TASK:
Shown below are entries with pictures; the line with "With boho patchwork" through the line with "Андрей, я на" is the span to retype exactly, and the pictures stay out.

Stored data entries
━━━━━━━━

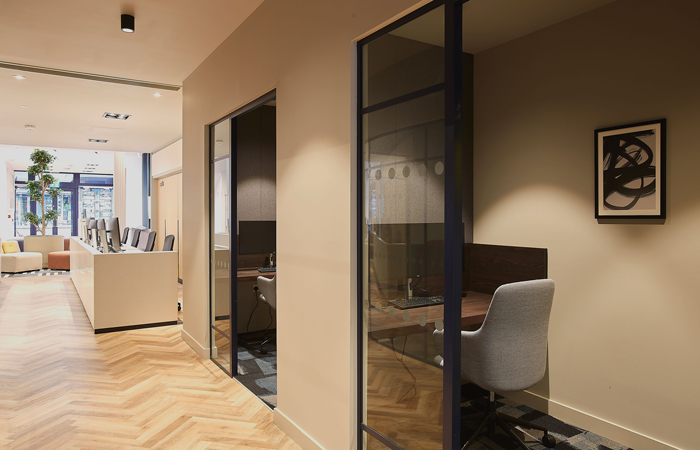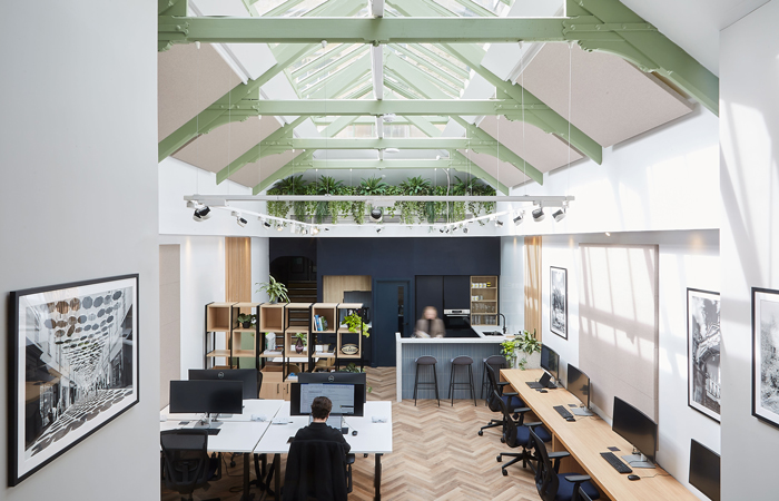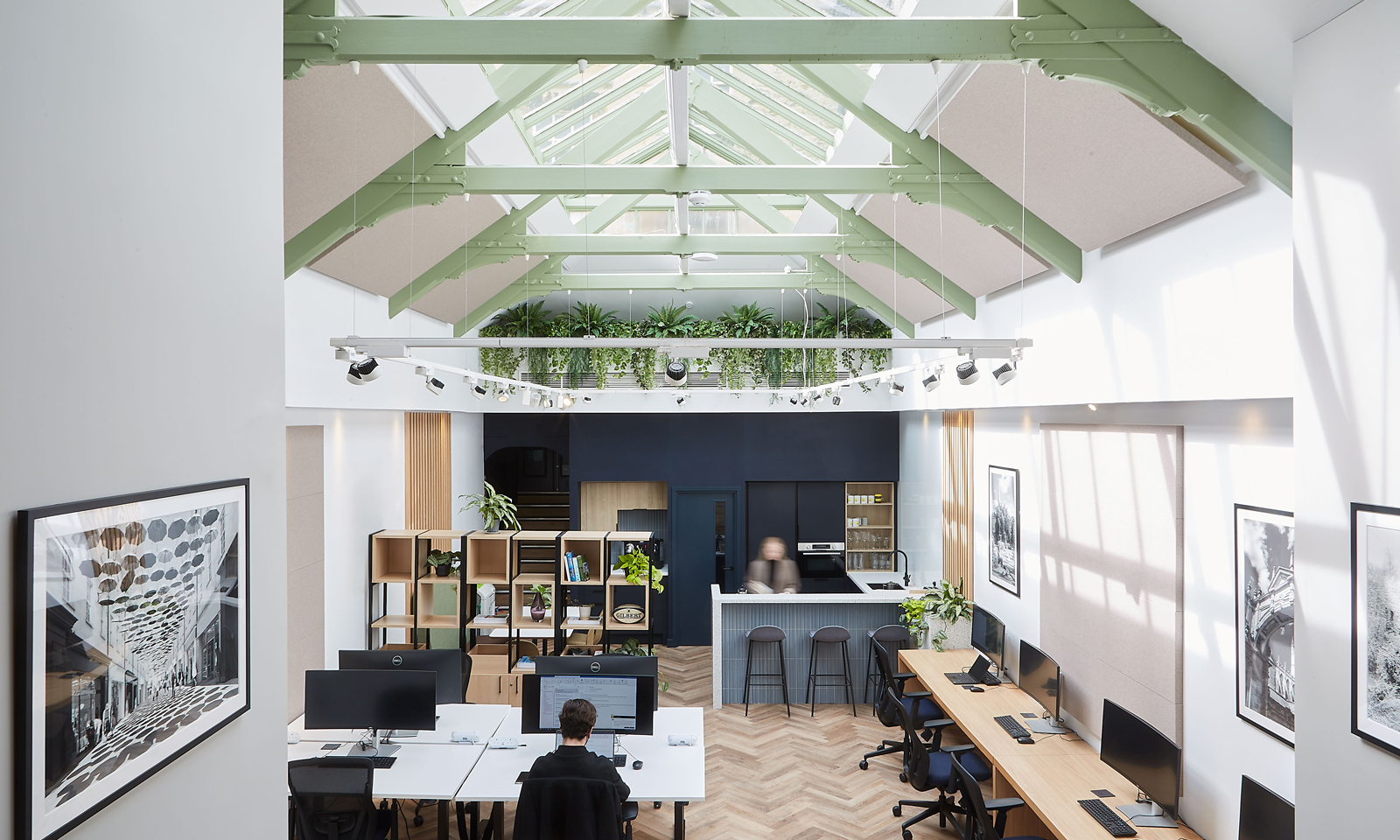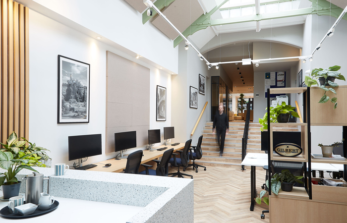 Featuring distinctive architectural window displays that pay homage to Bath’s heritage, the design draws visitors into the space and guides them through the entrance where they encounter unobstructed views, extending all the way to the double-height space at the rear of the office. The resulting sense of openness and transparency reflects the company’s commitment to people, transparency, and collaboration.
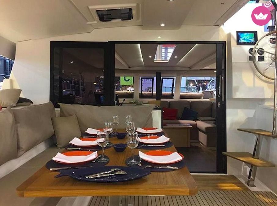 Description of Nicolas's catamaran Hello, Come and spend a relaxing day in the LERINS islands in turquoise water and beautiful spots... On board our luxury catamaran . The indicated price is up to 8 people. SKIPPER INCLUDED Beyond 8 people, there is an extra 75 € / person up to 15 maximum. Excluding final cleaning fee € 32 and € 47 fuel oil. All extras are to be paid directly on board with the skipper on the day of your rental. Departure 10: am Return 5: pm (beyond 5:pm, the extra hour will be charged 110 €/h) We suggest you spend a dream day aboard this Lucia 40 for the day. The boat is fully equipped, you can enjoy all the space available on the deck, sunbathing areas front and rear to enjoy the great climate of the region. We offer you masks and snorkels for you to explore the magnificent seabed of the region, the fauna and flora of Sainte Marguerite Island and Sainte Honorat Island is breathtaking. You can swim, do a little sport with a paddle, or enjoy the sun and spaces aboard the boat to spend an unforgettable day. For your meals: Regarding the meals if you wish to take your meals on board, it is of course possible: - we have a catering service that can meet all your needs. - Or you can choose to take your food and drinks with you. -Is lunch at the restaurant on the islands. We remain at your disposal for any further information to help you in your organization. This is our job. If you are interested in this day cruise off Cannes, contact us via Catamaran Yacht Charter messaging, we will get back to you as soon as possible. ** For any other destination outside the Cannes area, an estimate will be drawn up. See you soon ! Nicolas
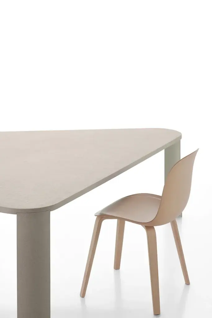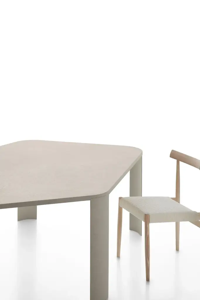 The tables in the Bonnet family interpret the theme of soft, rational forms with architectural elan, introducing a touch of femininity into the MDF Italia collection that invites unprecedented social experiences.The legs, which resemble smoothed blades, rise up and embrace the table top with which they create a dynamic tension. The simple but bold asymmetrical and unusual shapes of the top have a strong personality that softens formal rigour with what the designer, Marialaura Irvine, calls a “radical whisper”. When combined, these tables can create unexpected compositions. The result of experiments with materials and colours, the sophisticated single-material finishes made with Coccioperla give the surfaces a tactile, brilliant and vivid aura. Top and frameThe top (3 cm thick) is made of melamine supported by a metal frame that allows the top to be joined to the bases, both finished with the new Coccioperla finish, a material mix obtained from a mixture of mortar, aggregates and crushed mother-of-pearl. The spatula application process is entirely manual over the entire table surface and produces a unique texture that makes each product distinctive both to the eye and to the touch. Available in white, cream, dove grey and black. BasesThe bases are made of curved metal and follow the angles of the top. Coccioperla finish in the same colour as the top.DimensionsThe tables are available in 10 dimensions, of which 5 are shaped, 3 rectangular and 2 square. 73 cm high.
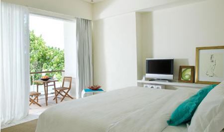 电瓶车七弯八拐地终于在海边的一条栈道边停下了,那梦想了无数次的,在图片里出现了无数次的水上屋就这样静静地出现在了我们的面前。我掩饰住心里的激动,跟着前台MM来到了一栋楼前。打开门,映入眼帘的是那孔雀蓝和白色相间的和图片中一模一样的房间!前台MM给我介绍了一下房间的设施以及每天早餐的时间。待她离开,我和璇璇立即兴奋地大叫着扑到了那美丽的床上,璇璇从床上蹦到沙发上,开心得无以复加——我们的梦想终于成为现实了!!
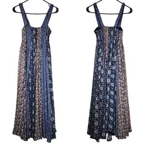 With boho patchwork alternating panels and a long flowy refreshing feeling, this beautiful dress is great for any casual occasion. It has a smocked top for a fit-and-flare style.
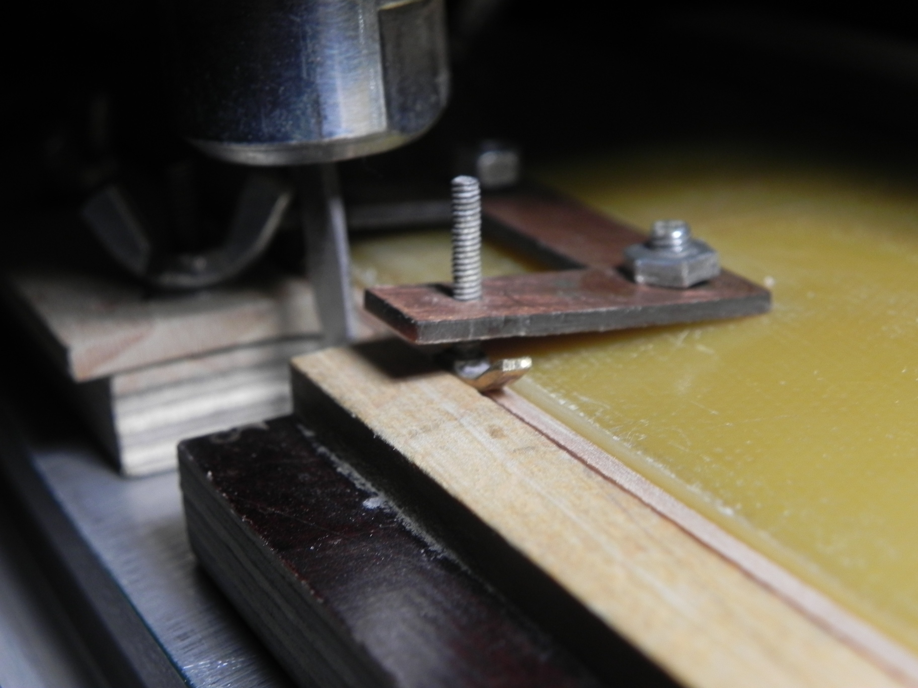 Андрей, я на этой приспособе многое делаю. Рейки калибрую после циркулярки. Не получается сразу точно пилить, да еще самшит, а тем более эбен плохо пилятся, сечется кромка. Даже у Бибигона и то бывает. Чем она удобна, рейка прижимается со всех сторон, люфта нет,а значит и нет волны на рейке. Рисунок выходит чистый. Правда делаю много заходов, не беру сразу много.
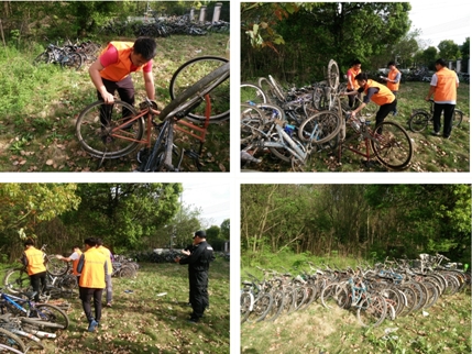 此次清理活动建立在上学期保卫处进行的统一清理和前期自行清理的基础上,重点将停放在建工楼周边及楼道中的车身残破、落满灰尘、轮胎没气等长期无人使用的自行车和电动车清理至学校东大门“废旧自行车停放点”。材料学院学生预备党员和发展对象在东大门停放点把成堆的破旧自行车清理好并分类摆放整齐,他们不怕脏、不怕累,认真清理,严谨认真的工作作风得到保卫处工作人员的肯定。学校保卫处接下来将会进行废弃自行车的认领和进一步清理工作。
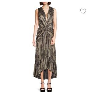 MISA LOS ANGELES Ava Plunging Gold Twist Maxi Dress
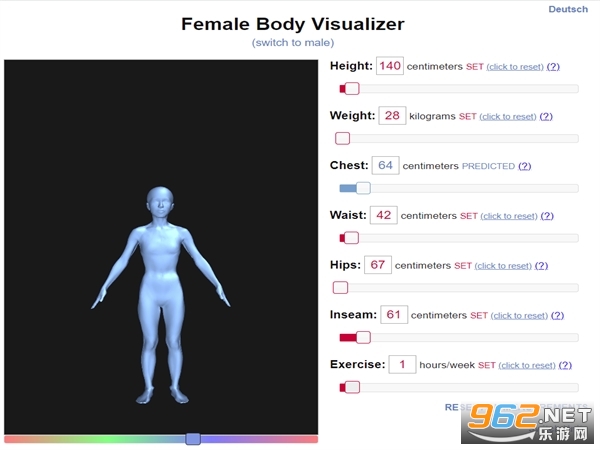 《身材模拟器》是一款非常专业的能够对身材进行模拟的休闲游戏,通过软件输入身材相关的各种数据就可以得到专业的人体魔性了,可以切换不同的性别。数据非常详细,甚至还能够查看锻炼一段时间后身材的变化情况,目前没有内置的中文版,但是大家可以用浏览器中的全页翻译来达到中文版的效果哦。
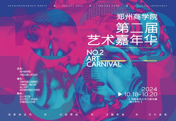 本届艺术嘉年华活动为期三天,团市委副书记陈子琪,市文广旅局副局长崔亚兵,市文联副主席王琼,巩义市大峪沟镇镇一级主任科员王晓辉,河南华磊古建集团有限公司董事长苏发生,河洛文化手造研学基地创始人、巩义龙福白瓷手工艺品有限公司总经理韩红立,中轴线(上海)文化旅游有限公司巩义分公司运营总监刘伟,点点官网张江涛副校长,艺术学院院长李宪广,院党委书记李帅以及学院师生代表出席开幕式。李院长主持开幕式。
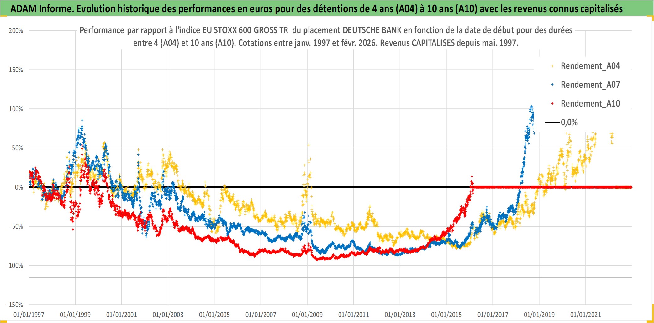 Site dédié aux investisseursPage dédiée sur site financeAnalyse des valorisations hebdomadaires de l'action DEUTSCHE BANK. Cet actif est cote en EUR. Les valorisations couvrent les semaines 1997W01 a 2026W09. Les revenus de cet actif financier sont pris en compte depuis la semaine 1997W21. La note globale ESG de cet actif est estimee a 6.0 (apres rebasage entre 0 et 20).
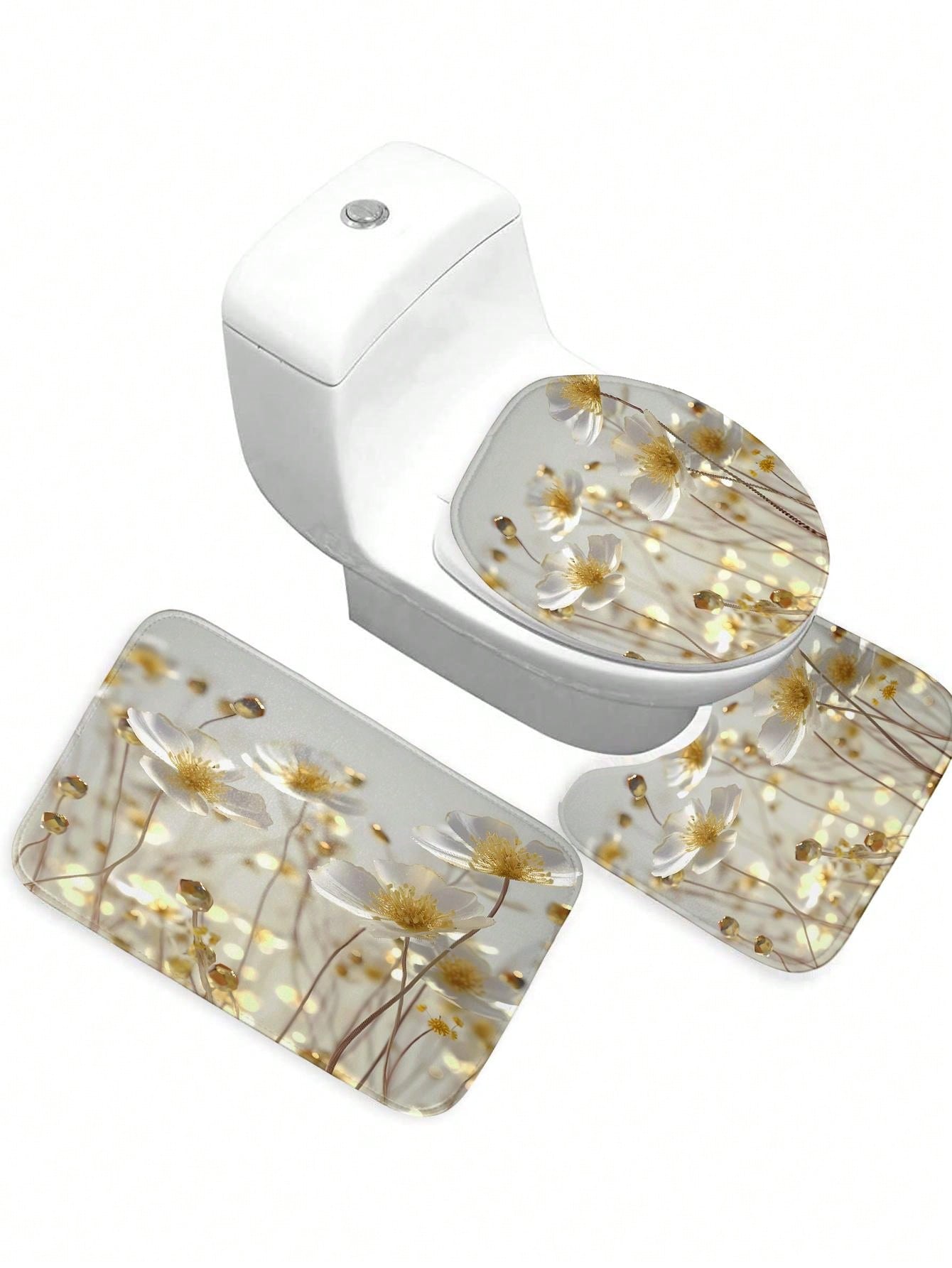 1pc 3d Flower Pattern Digital Print Shower Curtain Or Floor Mat

━━━━━━━━

EXERCISE SOLUTION:
 With boho patchwork alternating panels and a long flowy refreshing feeling, this beautiful dress is great for any casual occasion. It has a smocked top for a fit-and-flare style.
 Андрей, я на этой приспособе многое делаю. Рейки калибрую после циркулярки. Не получается сразу точно пилить, да еще самшит, а тем более эбен плохо пилятся, сечется кромка. Даже у Бибигона и то бывает. Чем она удобна, рейка прижимается со всех сторон, люфта нет,а значит и нет волны на рейке. Рисунок выходит чистый. Правда делаю много заходов, не беру сразу много.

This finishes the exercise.